Hello MMM community. I'd like to hear your thoughts on comparing and backtesting the following two scenarios:
1. Fire and use part of your nest egg to buy a property outright. Spend less money because you're saving on rent.
2. Fire with a bigger nest egg and rent for the rest of your life.I tried to use this tool
https://ficalc.app/ to backtest both scenarios. Someone on youtube mentioned Ficalc and i really liked it for its simplicity, but the same kind of backtest can be done with other tools as well. I am not affiliated with this web site.
The numbers I used as inputs are just to simplify calculations, not anyone's actual numbers. If you feel they are too low, multiply all of them by 10 if you want.
I used the following assumptions: $1MM nest egg, 4% fixed withdrawal rate adjusted for inflation, 30 years retirement length.
Scenario 1. Keep $700K in the stock market (Ficalc defaults to 80% US stocks, 15% US bonds, 5% cash). Use $300K to buy a property (yes, i know it's low for most places in the US but again, these numbers are used for simplicity). Then run a backtest with a 4% withdrawal rate, so that's $28K per year which is $40K per year minus the estimated rent you would be saving on a $300K property, which is $1K per month or $12K per year in this example.
Scenario 2. Keep renting and invest the entire $1MM nest egg in the same portfolio of 80% US stocks, 15% US bonds, 5% cash. Use the same 4% withdrawal rate for spending, so $40K per year adjusted for inflation. That includes the estimated $1K per month rent you would be paying in this case, also adjusted for inflation.
With these inputs, both back tests show a 95.9% success rate. Scenario 2 is what
https://ficalc.app/ shows by default if you open it. To run Scenario 1, just reduce the nest egg to 700K and yearly spend to 28K and you will get the exact same success rate.
Questions and comments:
One assumption I made for this comparison is that the rental yield on the property is the same as planned withdrawal rate which is why the success rate is equal for both scenarios. So, 12K/300K = 4% gross rental yield on the property (the rent you wouldn't be paying, adjusted for inflation).

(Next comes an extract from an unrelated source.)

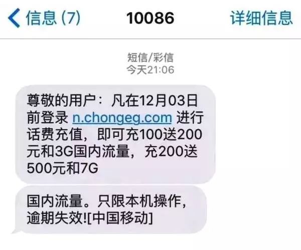近期冒充中国移动充100送200案件高发。犯罪分子伪装成运营商,向市民发送充话费送话费的虚假信息。当市民点击短信内的充值链接,进行一系列的话费充值操作后,不仅显示无法成功充值,其银行卡内的资金还会被人悄悄转走。目前已有多位市民上当,被转走金额最高上万元,最低几百元。
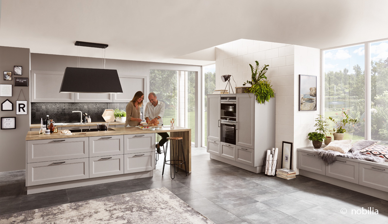 Die L-förmige Küchenzeile mit integrierter Insel ist offen zum Wohnbereich konzipiert. Greige Fronten werden durch ursprüngliche Holzmaserung in Szene gesetzt. Die großzügige Arbeitsfläche bietet Platz für gemeinsames Kochen mit Familie und Freunden.

Alternatively, investing that amount and withdrawing the same $12K per year infl. adj. at a 4% withdrawal rate gives you the same results. Question: what's the best way to stress test this assumption perhaps by using a range of different rental yields and different withdrawal rates as well?
I tried to model the same scenarios with estimated social security as additional income (ficalc has that option), so in that case, buying a property would reduce the failure rate because you're adding the same amount of SS in both scenarios while keeping expenses lower in Scenario 1.

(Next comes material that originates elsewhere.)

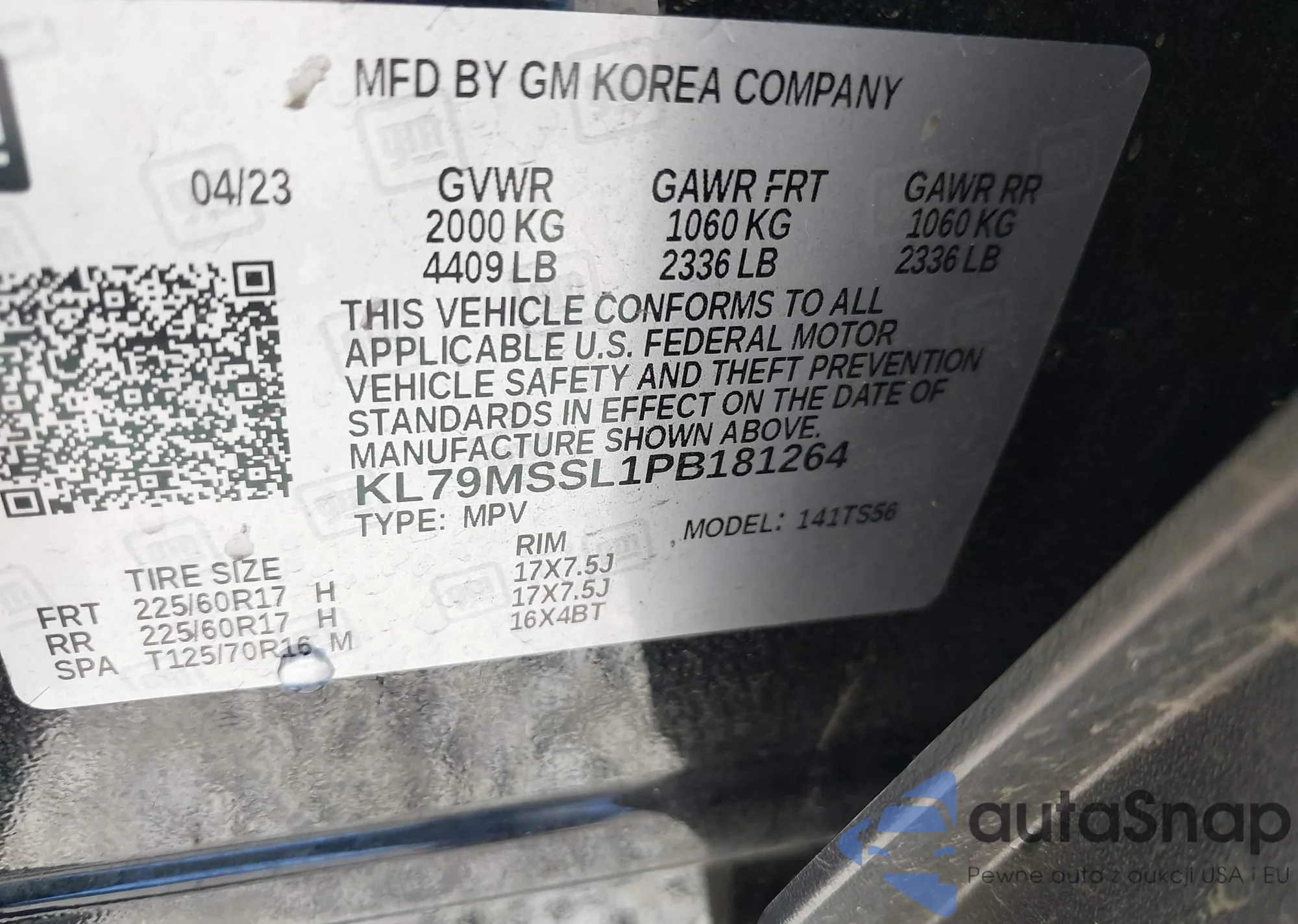 • VIN KL79MSSL1PB181264

This comparison doesn't account for the value of the property after you pass away so if someone wants to leave it to children or significant others, it's also an important consideration. For someone who doesn't have heirs or just doesn't care, a reverse mortgage is also an option increase income even though it's generally a bad deal.
Another assumption is that both rent and spend growth are tied to inflation but depending on where you are, these may be different. For example, if you want to stay in a gentrifying area or let's say a developing country on an upward trajectory, it may be better to buy a place before rents for similar places get out of control or the local currency appreciates vs the USD.
Then there are non-financial considerations such as being able to renovate and furnish your place as you please, not having to move when the landlord needs the place, etc.
This kind of comparison can be used before you FIRE but you can also use it at any point of your retirement if you're renting and want to buy or conversely, considering selling the property your own, investing the money and spending the extra income on rent. The only caveat is that if you use it later in retirement, you will have to account for the same kind of sequence of returns risk that recent retires face without the same ability to get back into the job market if things go wrong. So it's probably better to use a lower safe withdrawal rate in this case.
Anything I'm missing? Any additional thoughts or other examples?